Critical insight: Don't block the main thread waiting for vector updates. Fire-and-forget background tasks keep your chatbot responsive. I learned this when users complained about 3-second delays after every message.

Pattern 3: Tool Calling with Approval Gates

In a production environment for a financial services client, we couldn't let agents execute arbitrary code or make API calls without human approval. Here's the pattern that worked:

using LlmTornado.Agents;
using LlmTornado.Chat;
using LlmTornado.Chat.Models;
using System.ComponentModel;

public class ApprovedToolAgent
{
    private readonly TornadoApi _client;

    public ApprovedToolAgent(string apiKey)
    {
        _client = new TornadoApi(apiKey, LLmProviders.OpenAi);
    }

    public async Task<string> RunWithApproval(string userQuery)
    {
        var agent = new TornadoAgent(
            client: _client,
            model: ChatModel.OpenAi.Gpt41.V41Mini,
            name: "ControlledAgent",
            instructions: "Use available tools to answer questions.",
            tools: new List<Delegate> { GetFinancialData },
            toolPermissionRequired: new Dictionary<string, bool>
            {
                { "GetFinancialData", true } // Requires approval
            }
        );

        var result = await agent.Run(
            input: userQuery,
            toolPermissionHandle: async (toolRequest) =>
            {
                Console.WriteLine($"\nAgent wants to call: {toolRequest}");
                Console.Write("Approve? (y/n): ");
                var approval = Console.ReadLine();
                return approval?.ToLower().StartsWith('y') ?? false;
            }
        );

        return result.Messages.Last().Content;
    }

    [Description("Retrieves sensitive financial data")]
    private static string GetFinancialData(
        [Description("Account identifier")] string accountId,
        [Description("Date range in YYYY-MM-DD format")] string dateRange)
    {
        // In production, this would call your actual financial API
        return $"Financial data for {accountId} in range {dateRange}";
    }
}

Lesson learned: Permission gates aren't just for security—they're for compliance. When we added approval workflows, our audit team actually thanked us.
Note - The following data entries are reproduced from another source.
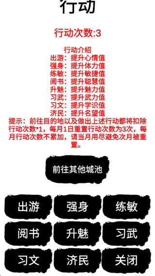 10、通过行动可提升角色对应的属性值,使角色逐步强大,从而在乱世中具备自保与争雄的能力。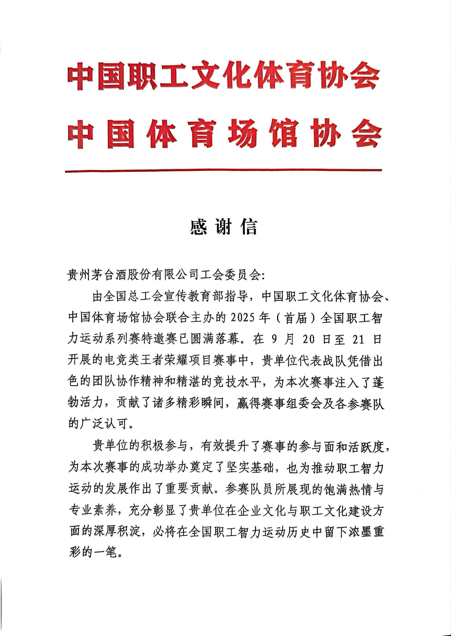 在9月20日至21日开展的(首届)全国职工智力运动系列赛-电竞类王者荣耀项目赛事中,贵州茅台酒股份有限公司代表队凭借出色的团队协作精神和精湛的竞技水平,为 本次邀请赛注入了蓬勃活力,贡献了诸多精彩瞬间,获得了中国职工文化体育协会、中国体育场馆协会的肯定,也赢得了赛事组委会及各参赛队的广泛认可。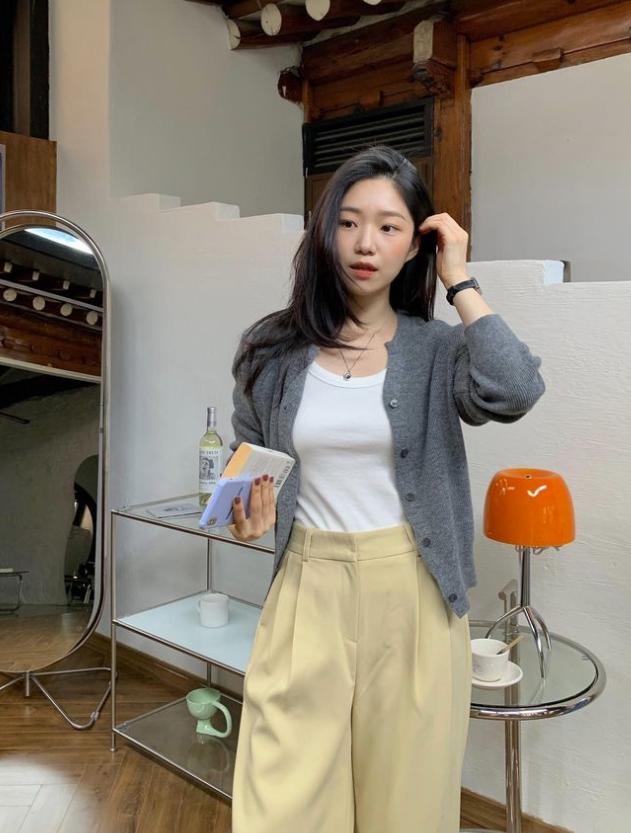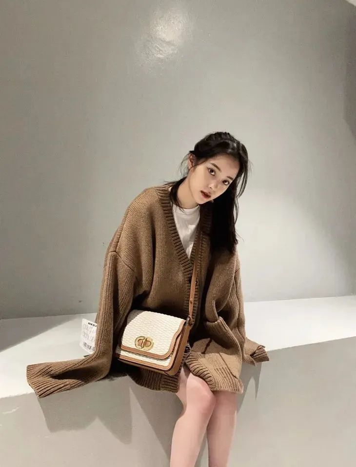 厚重的针织开衫内搭T恤,一薄一厚的搭配体现松弛感的穿搭,不是那种随随便便的日常家居服,而是整体给人舒服放松的感觉。

Common Pitfalls and Solutions

Problem 1: Token Budget Explosions

I once deployed an agent that cost $200 in a single afternoon because it was including the entire conversation history (300+ messages) in every request.

Solution: Implement sliding window context:

var recentMessages = allMessages.TakeLast(10).ToList();
var contextSummary = await SummarizeOlderMessages(
    allMessages.Take(allMessages.Count - 10).ToList()
);
recentMessages.Insert(0, new ChatMessage(
    ChatMessageRoles.System, 
    $"Previous conversation summary: {contextSummary}"
));

Problem 2: Streaming Events Not Displaying

Streaming was "working" but users saw nothing until the entire response completed. The issue? I wasn't handling the event types correctly.

Solution: Check the event type hierarchy:

onAgentRunnerEvent: async (evt) =>
{
    if (evt.EventType == AgentRunnerEventTypes.Streaming && 
        evt is AgentRunnerStreamingEvent streamingEvent &&
        streamingEvent.ModelStreamingEvent is ModelStreamingOutputTextDeltaEvent deltaEvent)
    {
        Console.Write(deltaEvent.DeltaText);
        await Console.Out.FlushAsync(); // Critical for real-time display
    }
}

Problem 3: Dead Agents (No Error, Just Silence)

Agents would occasionally stop responding with no error messages. After adding proper cancellation handling, I discovered they were stuck waiting for user input during automated tests.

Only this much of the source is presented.